Gigi guessed wet clay would be a little harder to clean up than wine.
“Fuck. Sorry.”
Gigi didn’t move her head, still turned to face Crystal, watching as the other girl’s eyes darted between herself and the wheel.
She’d never realised someone so out-there could be so sensible.
It was fucking cute.
“It’s alright.” Crystal replied, her voice trailing off at the end, just in time for Gigi to move in and close the gap between their lips, her head spinning fast like the wheel, over and over again until they removed their hands to let it slow.
By the time Gigi felt wet clay on the small of her back she could almost see straight.
Her vision became clear as they pulled apart, her arms around Crystal’s neck, wrists crossed over behind her.
Cross my heart and hope to die.
That was another phrase her Grandma was obsessed with.
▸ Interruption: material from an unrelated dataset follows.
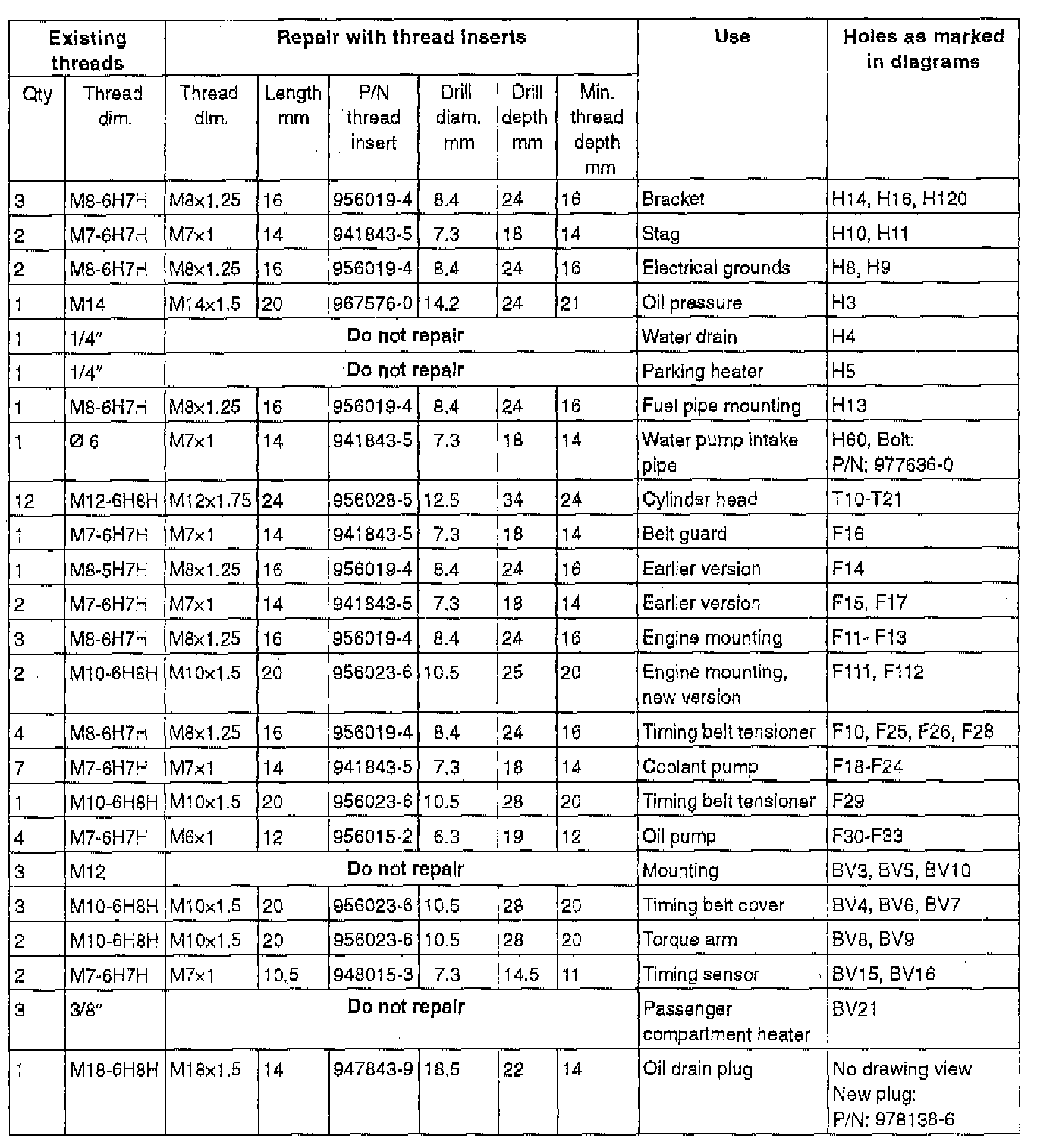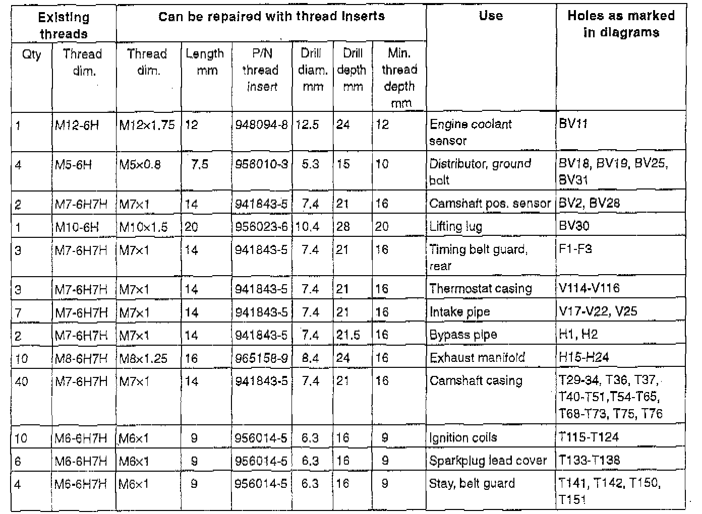 - The table below shows which threaded holes in the cylinder head and camshaft casing can be repaired and which thread inserts to use.

Little Gigi never quite got that one, why would you put such high stakes on something like that? How would you know that you were right? Know enough that you’d risk dying for it.
Really, really know?
Gigi glanced at the table next to them, the misshapen blob in its centre. She didn’t even know what she’d call it? A short vase? A pot? An ashtray designed for those super long cigarettes everyone seemed to smoke in the 60s?
“Look at it. It’s perfect.” Crystal smiled, nodding her head to the thing.
So that’s what it was: It.
Gigi uncrossed her arms but it was okay.
She knew it was okay.
“Well, I can scratch that off my bucket list now.”
“The throwing?” Crystal’s eyes were wide, the corkscrew that usually framed them pushed aside by Gigi in all the commotion.
She was free to pour.
“Yeah. Need to try the other thing again before I can say it really counts, I think.”
“Oh, of course,” Crystal replied, imposing wisdom on Gigi that she’d fall back upon later in life, mixed in somewhere with the teddy bear and the crosses and whatever the hell it was Shakespeare said about gold and glitter. “Gotta try everything twice. That’s what I always say.”